2. Diversity: Generating data that covers the long-tail distribution of real-world knowledge is difficult.
3. Faithfulness: Ensuring the data accurately represents the real world without hallucinations is challenging.
4. Model collapse: Training on synthetic data may lead to issues like those described in [The Curse of Recursion: Training on Generated Data Makes Models Forget](https://arxiv.org/abs/2305.17493), where models trained on self-generated data can forget original training data and produce nonsensical output.

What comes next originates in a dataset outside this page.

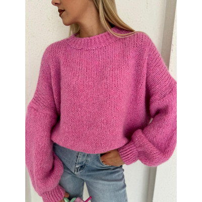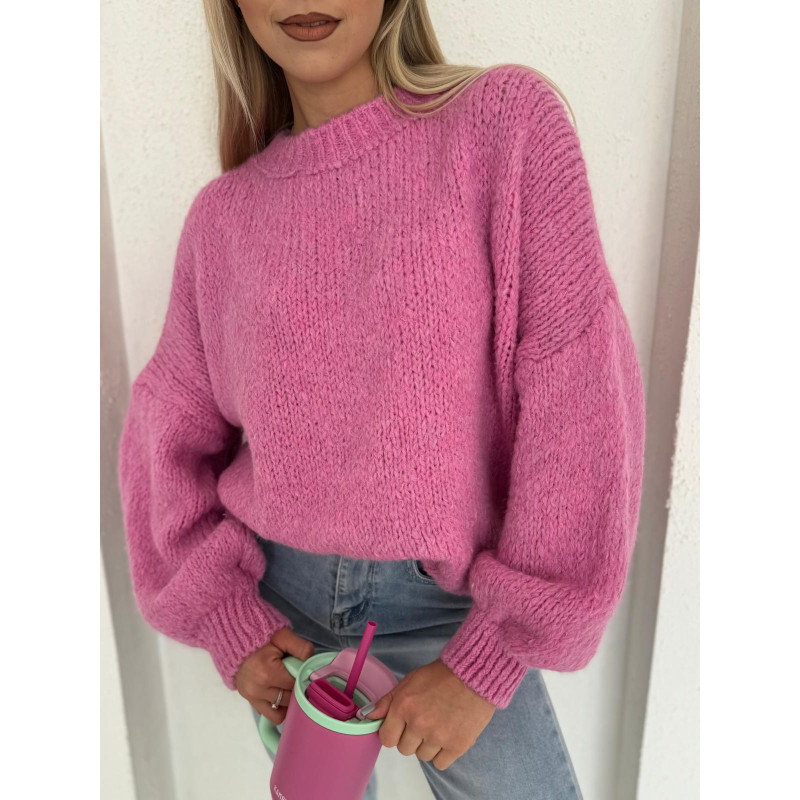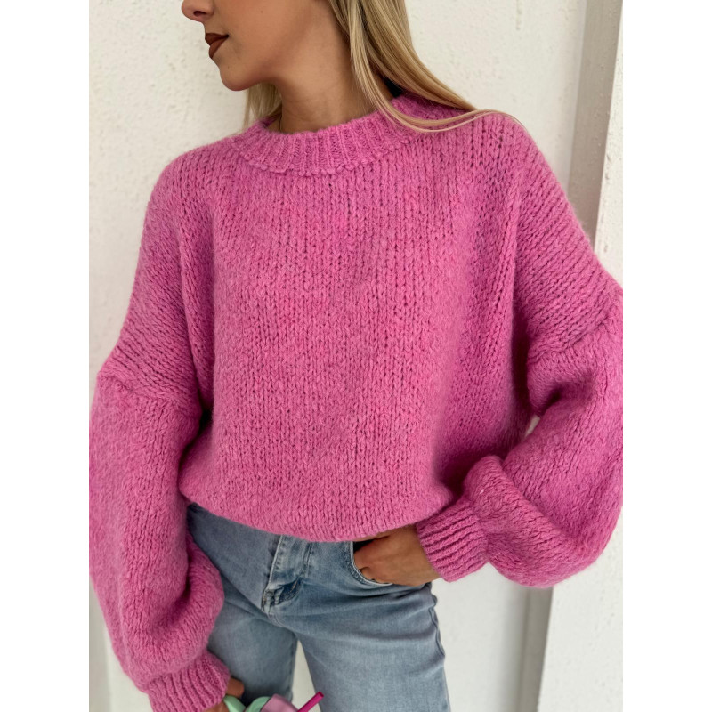 Zaokrąglony dekolt wykończony delikatnym prążkowanym ściągaczem podkreśla jego uniwersalny charakter, a obszerne, puszyste rękawy dodają mu niepowtarzalnego uroku. To sweter, który otula jak chmurka i sprawia, że każda stylizacja nabiera dziewczęcej lekkości.

This blog post will discuss and demonstrate key lessons learned in synthetic data generation for LLMs.

## Key Components of Synthetic Data

Quality and diversity are crucial yet often conflicting elements in synthetic data. A random string generator offers high diversity but low quality, while Encyclopedia Britannica provides high-quality content with limited stylistic range and depth in certain areas. The challenge lies in maintaining consistent quality across diverse topics, ensuring depth in specialized fields, and covering non-traditional content. Balancing these factors is essential for generating effective synthetic data for LLMs.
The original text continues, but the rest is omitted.